Mr. Churchill erred if he expected Dr. Weizmann to help set up an Arabian “lord of the Middle East,” for that potentateship is obviously reserved to Zionism.  Hence Dr. Weizmann did not even convey Mr. Churchill’s message when he saw President Roosevelt and talked only about his scientific work.  In other quarters he pressed for “America to send the maximum number of planes and tanks to that theatre” (Africa, where they would be most accessible to the Zionists in Palestine).  At this stage he began close co-operation with Mr. Henry Morgenthau, junior, of the president’s inner circle, who was to prove of “peculiar assistance” at the later, decisive moment.

Dr. Weizmann again encountered irritating hindrances: “Our difficulties were not connected with the first-rank statesmen.  These had, for by far the greatest part, always understood our aspirations, and their statements in favour of the Jewish National Home really constitute a literature.  It was always behind the scenes, and on the lower levels, that we encountered an obstinate, devious and secretive opposition. . . All the information supplied from the Middle East to the authorities in Washington worked against us.”

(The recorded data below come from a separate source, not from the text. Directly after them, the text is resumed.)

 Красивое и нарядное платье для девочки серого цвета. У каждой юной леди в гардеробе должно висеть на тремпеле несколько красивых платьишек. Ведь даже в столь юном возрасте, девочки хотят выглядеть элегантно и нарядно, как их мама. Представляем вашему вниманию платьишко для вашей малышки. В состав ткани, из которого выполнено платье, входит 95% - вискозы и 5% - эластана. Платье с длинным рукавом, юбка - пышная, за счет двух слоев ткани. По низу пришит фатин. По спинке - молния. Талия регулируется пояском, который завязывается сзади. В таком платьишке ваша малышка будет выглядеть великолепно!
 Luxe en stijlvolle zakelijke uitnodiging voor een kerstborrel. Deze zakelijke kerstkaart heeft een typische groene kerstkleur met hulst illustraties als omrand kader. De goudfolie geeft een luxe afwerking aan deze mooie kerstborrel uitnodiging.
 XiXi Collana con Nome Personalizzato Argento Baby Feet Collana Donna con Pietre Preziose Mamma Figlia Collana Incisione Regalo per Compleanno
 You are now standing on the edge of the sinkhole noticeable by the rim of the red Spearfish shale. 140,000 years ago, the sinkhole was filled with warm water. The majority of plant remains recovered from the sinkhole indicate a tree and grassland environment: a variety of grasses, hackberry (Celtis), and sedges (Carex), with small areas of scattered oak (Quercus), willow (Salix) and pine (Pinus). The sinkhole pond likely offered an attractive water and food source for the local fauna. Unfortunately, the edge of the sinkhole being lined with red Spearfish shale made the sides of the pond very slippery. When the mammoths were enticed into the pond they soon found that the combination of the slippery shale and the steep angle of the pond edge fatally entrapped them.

For nearly forty years, at that time, Dr. Weizmann had worked “behind the scenes,” deviously and in secret; history shows no comparable case.  At one more behind-the-scenes meeting with President Roosevelt he then imparted Mr. Churchill’s message, or rather (according to his own account) a different one: he said Mr. Churchill had assured him that “the end of the war would see a change in the status of the Jewish National Home, and that the White Paper of 1939 would go.”  He describes this as Mr. Churchill’s “plan” but it is not the message previously quoted, although it might depict Mr. Churchill’s mind.  What is significant is that Dr. Weizmann omitted Mr. Churchill’s main proposal, to make King Ibn Saoud “lord of the Middle East . . . provided he settles with you.”

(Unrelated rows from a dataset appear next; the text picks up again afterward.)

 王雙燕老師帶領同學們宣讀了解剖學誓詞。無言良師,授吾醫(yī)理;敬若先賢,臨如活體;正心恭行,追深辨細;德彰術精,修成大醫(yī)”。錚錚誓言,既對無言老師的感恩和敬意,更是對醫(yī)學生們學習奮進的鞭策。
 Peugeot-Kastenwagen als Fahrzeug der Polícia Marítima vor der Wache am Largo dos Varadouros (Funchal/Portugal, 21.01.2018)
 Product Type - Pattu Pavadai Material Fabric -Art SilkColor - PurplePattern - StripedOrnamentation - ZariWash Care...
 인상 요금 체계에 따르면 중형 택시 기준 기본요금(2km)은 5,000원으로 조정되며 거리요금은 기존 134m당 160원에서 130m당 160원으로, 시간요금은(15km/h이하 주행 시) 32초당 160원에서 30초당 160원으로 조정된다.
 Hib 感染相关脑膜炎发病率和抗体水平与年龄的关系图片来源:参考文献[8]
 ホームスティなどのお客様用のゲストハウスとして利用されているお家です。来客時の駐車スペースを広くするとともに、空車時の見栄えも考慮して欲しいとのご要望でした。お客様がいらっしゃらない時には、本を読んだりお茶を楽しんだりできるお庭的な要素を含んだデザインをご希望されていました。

Dr. Weizmann says that President Roosevelt’s response to Mr. Churchill’s plan (as thus misrepresented to him) was “completely affirmative,” which in Zionese means that he said “Yes” to a Jewish state (“a change in the status of the Jewish National Home”).  The president, according to Dr. Weizmann, then himself introduced the name of Ibn Saoud, and showed himself “aware of the Arab problem.”  Dr. Weizmann, if his account is correct, did not then say that Mr. Churchill recommended “a settlement” with Ibn Saoud.  On the contrary, Dr. Weizmann “maintained the thesis that we could not rest our cause on the consent of the Arabs.”

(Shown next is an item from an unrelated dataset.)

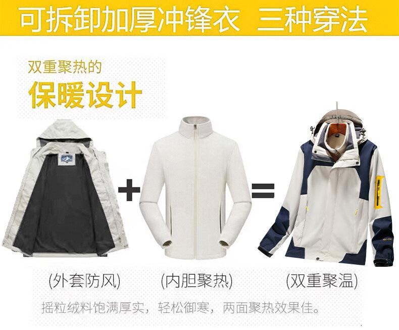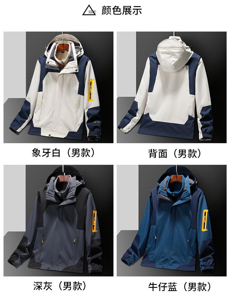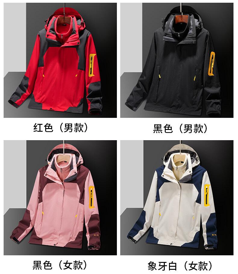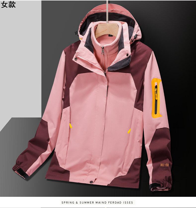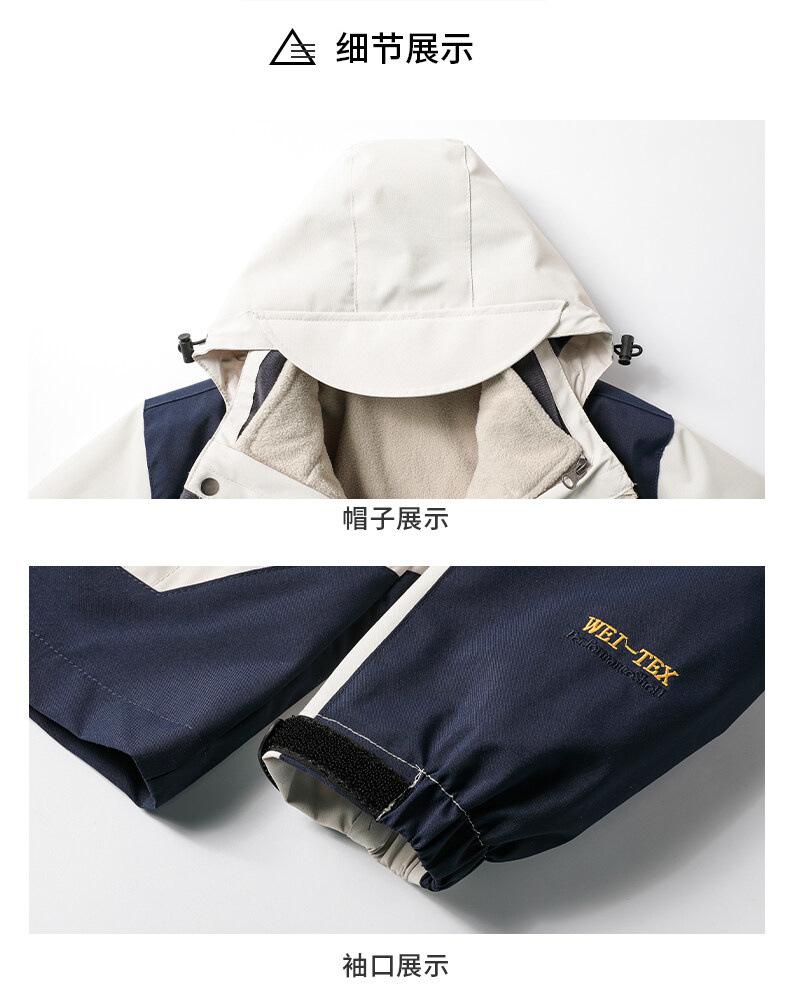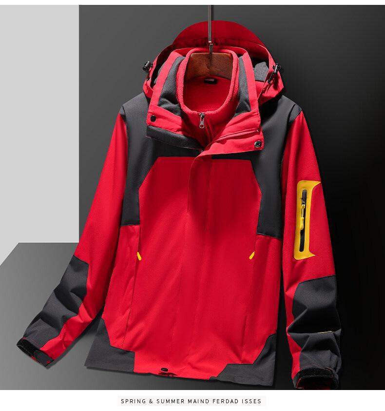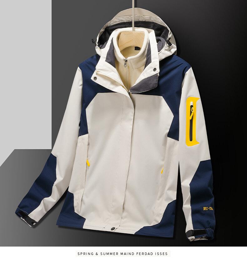Chaqueta de invierno para exteriores para hombre y mujer, conjunto de dos piezas desmontable tres en uno con combinación de colores, chaqueta gruesa y cálida para montañismo con forro polar

That was the opposite of Mr. Churchill’s envisaged “settlement” and was specific: it meant war against the Arabs and American support for such a war.  Thereon Mr. Roosevelt merely “again assured me of his sympathies and of his desire to settle the problem.”

There is some mystery in this reserve of President Roosevelt in the matter of “the Arab problem” which might have had important consequences had he not died, two years later, almost immediately after meeting Ibn Saoud.  However, what he cautiously said and privately thought was no longer of vital importance in 1943, because the real decision had been taken.  Behind the scenes, under cover of a war in Europe, arms were on their way to the Zionists, and this secret process was to determine the shape of the future.  From this moment neither the top-line politicians, if they rebelled, nor the hard-pressed responsible officials had the power to prevent Zionism from planting in Palestine a time-bomb which may yet blow up the second half of the 20th Century.

For the time being Dr. Weizmann, in July 1943, returned to London, assured that “pressure” from Washington would be maintained.